I personally found dating at 30 easier than dating in my 20's. There were just as many eligible bachelors with interest, I was just more picky due to maturity. I'm sure people from different countries/cultures will have different experiences though. My partner has a friend from Mumbai who has said the pressure to marry before 30 is tough for some Indian women, but even then it's not because men won't find them attractive. I've never dated in Ireland, but I can't imagine it's all that different from dating in Canada.
There's not a lot of a difference imo. Dating in your 30's like you said is better because you have the maturity to know who and what you really want AND you are less inclined to settle.

Melanie clearly fell prey to the old way of thinking- get married and settled before 30. The Catholic brainwashy way. I'm not applying this to anyone who's on here and married at 30 with kids and happy - rather the types like Melanie who continue to perpetuate this 1950's school of thinking- that if you aren't married by 30 somehow, you are past your shelf life. 😂

I also take issue with the statement where she says something along the lines of at 30 all the good guys are taken.

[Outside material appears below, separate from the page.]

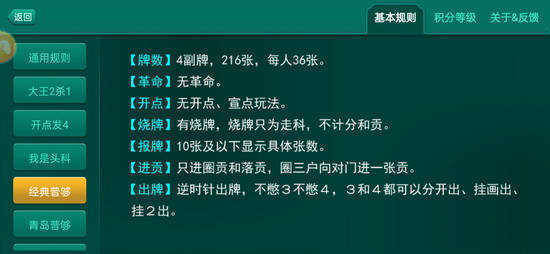 名次:游戏中,第一个出完牌的玩家为一游,其次为二游三游,最后剩下的玩家为末游。 游戏结束后,末游玩家所得到的分数归一游玩家所有,手中未出的分数归三游所有。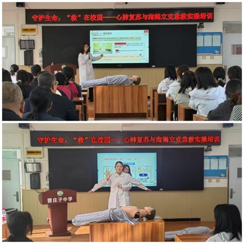 4月20日,学校急救教育培训工作团队在医学部李俊杰老师带领下,走进丰润区杨官林镇曹庄子中学,针对该校师生开展应急救护公益培训,为基层学校送上了一堂生动实用的生命安全教育课。授课教师紧扣校园安全工作需求,以心肺复苏和海姆立克急救法为核心,结合真实案例,深入浅出地让受训师生明了“黄金救援时间”的重要性,对按压深度、频率及施救站位等技术要领进行了详细拆解解析。

She couldn't be more wrong. 30 year olds aren't falling for the batty way of Catholic thinking any more and are more career focused and driven, putting themselves first before they take the leap and settle down.

And on a personal note - I've never felt so secure and confident in myself like I do now at 30. Men and women are attracted to confident,secure individuals and when you project that thinking nobody is thinking yeah she's sexy and confident but she's thirty so I'll pass. 😂

Melanie's paragraphs are just projections of her own biggest insecurities.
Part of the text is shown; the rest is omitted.